I had a wild experience with Islamic devotional images when a Muslim family decided to follow Jesus. Before taking baptism, they asked for help in removing a room full of Islamic idols and devotional images. Most prominent was a miniature dargah. This family had received a sacred object from a dargah (read here about dargahs), brought it home, and built a miniature dargah to house that item. They believed the dargah was a conduit of the barkat of the dargah from which they had brought the sacred object. Now, they were afraid to remove the dargah for fear of the spirits associated with it. Despite their fear, they arranged for the shrine to be demolished and removed. The images and relics were then burned. To these new believers, their continued health demonstrated Jesus’ authority over the shrine’s spirits.
Devotional images generally represent Sufi saints, Shia leaders, or relics of Muhammad. Pilgrims purchase devotional images during pilgrimages to dargahs or other religious sites. They hope that some of the spiritual power or blessing from the dargah or pir persists in the devotional image. In the mind of many folk Muslims, barkat (Urdu for blessing; baraka in Arabic) exists as a form of impersonal spiritual power that dwells in people and objects. Through their connection with Allah, pirs become conduits of this barkat. Certain holy places, especially dargahs, are places imbued with great barkat. The accumulation of barkat provides many practical blessings. An individual with a significant amount of barkat might have the power to heal the sick or divine the future. Lesser amounts of barkat still provide spiritual protection from demons, jinn, and the evil eye. The more barkat an individual has, the more powerful their prayers.
Many relics in South Asian Islam are items imbued with great barkat. For example, in various places across South Asia are the hairs of Muhammad. For instance, Jama Masjid in Old Delhi is said to have some of Muhammad’s beard hairs. In Srinagar, India, a dargah called Hazratbal (i.e., “Honored Hair ” houses more hairs of Muhammad. Many folk Muslims understand that these kinds of relics contain barkat. Therefore, they go to these places seeking some of this spiritual power to rub off on them. At Hazratbal, when they bring out the relic containing Muhammad’s hairs, those present often prostrate themselves in honor of the prophet. Those devotees undoubtedly hope to gain some barkat from Muhammad through his beard hairs.

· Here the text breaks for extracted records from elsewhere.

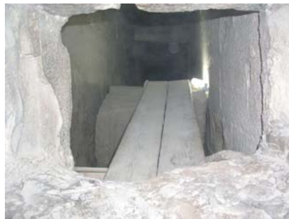
на животе в длинный коридор...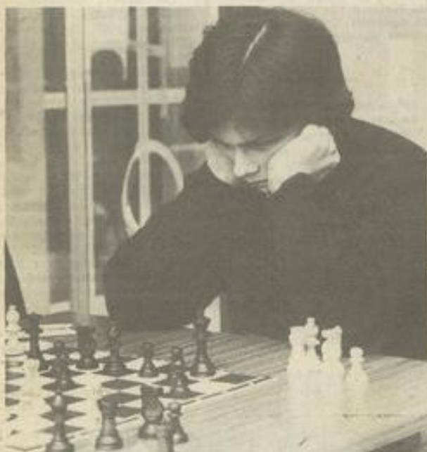
• L'heure de la concentration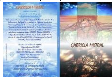
Figura 8. Portada del video Gabriela Mistral

Formato .AVI – DVD NTSC / Duración: 5 minutos 40 segundos. Video Poema dedicado a la memoria de Gabriela Mistral a 50 años de su fallecimiento, a partir de acrílico sobre lienzo realizado por coordinadores y participantes de los talleres; y del poema Palabras Serenas de Gabriela Mistral (figura 8).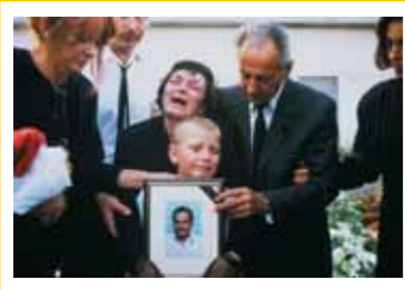
Sarajevo, 1995 - Una delle 200.000 vittime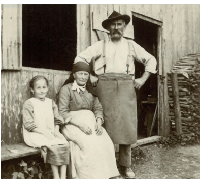
Mittenwald, beim „Spackerle“, 1923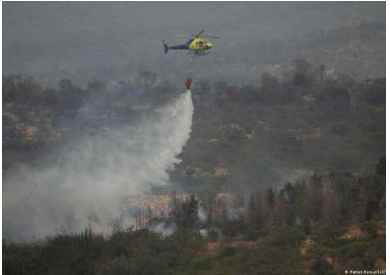
El uso de pirotecnia irregular marcó negativamente las celebraciones de Año Nuevo en la provincia de Chiloé.

La distribuidora eléctrica además explicó que la desconexión se inició a las 00:05 horas, afectando inicialmente a 9.500 clientes. A las 00:17 horas, gracias a maniobras realizadas en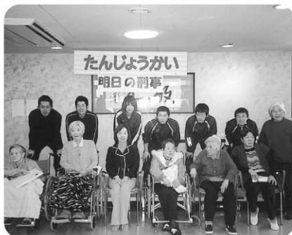
2月20日 誕生会を開催 2月生まれの方々の記念撮影です!!!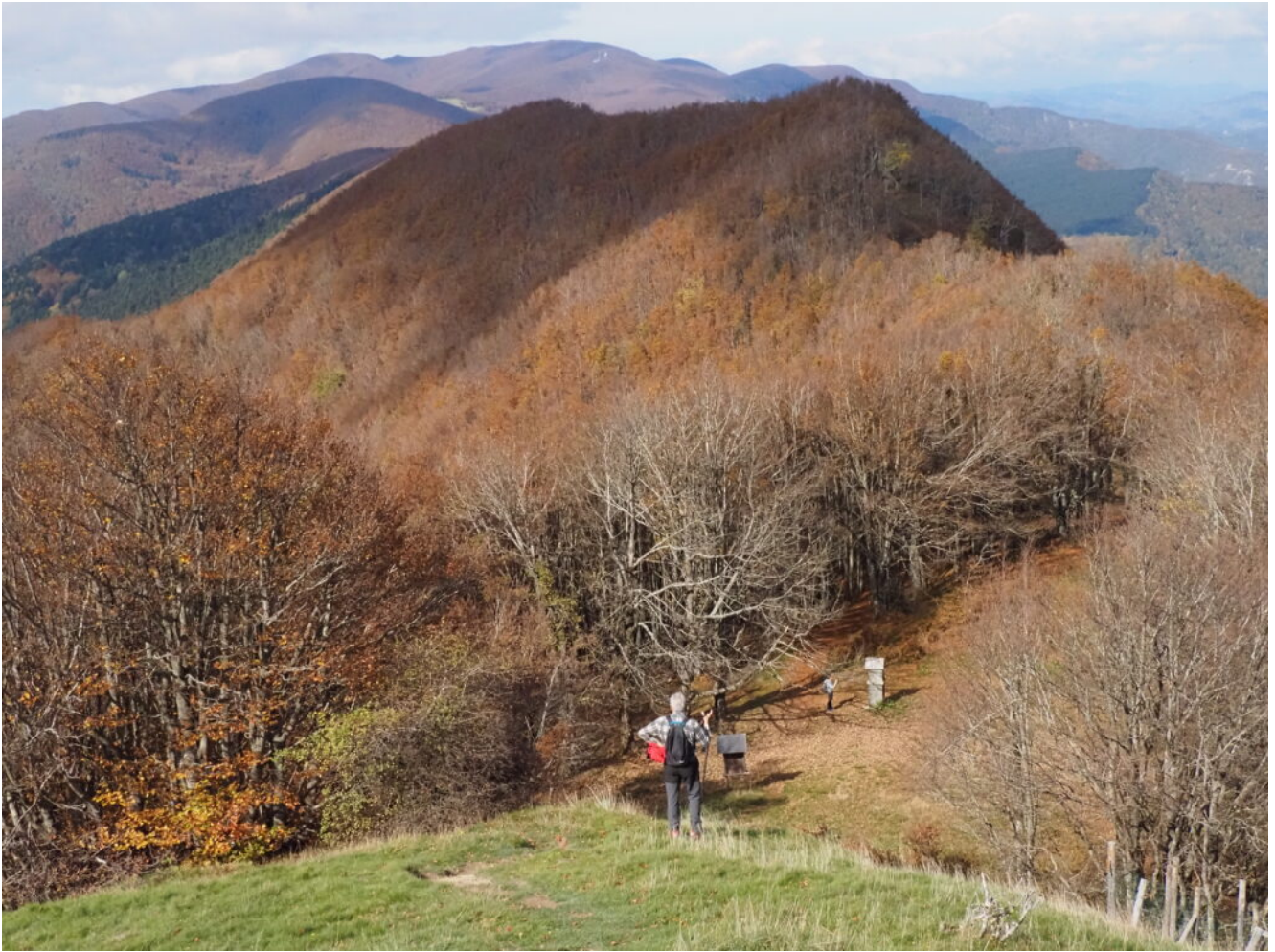
FUNGHI DELLE FORESTE CASENTINESI

Devotional images are more affordable and available than relics. It is common to have a smaller inset image of the Kaaba in Mecca in devotional images. Among both Deobandi and Barelvi Muslims, pictures depicting the Qur’an, the Kaaba, and calligraphy of verses of the Qur’an in Arabic are ordinary. Through devotional images, Sunni and Shia folk Muslims can easily be identified. Shia folk Muslims generally include images of saints riding on white horses, while Sunni images do not have white horses. The variety of devotional images in Islam is a testimony to the range of opinions among South Asian Muslims about who or what is the most significant source of barkat.
One Christian response to the Muslim concept of barkat is to demonstrate what true blessing is from Scripture. One of the most powerful sections of Scripture to do this are the Beatitudes of Matthew 5. “Blessed are the poor in spirit, for theirs is the kingdom of God… Blessed are those who hunger and thirst for righteousness, for they will be satisfied.” These verses meet many Muslims at a felt need for blessing and then redirect them from their folk beliefs about barkat to a discussion about finding true blessing in the Lord Jesus.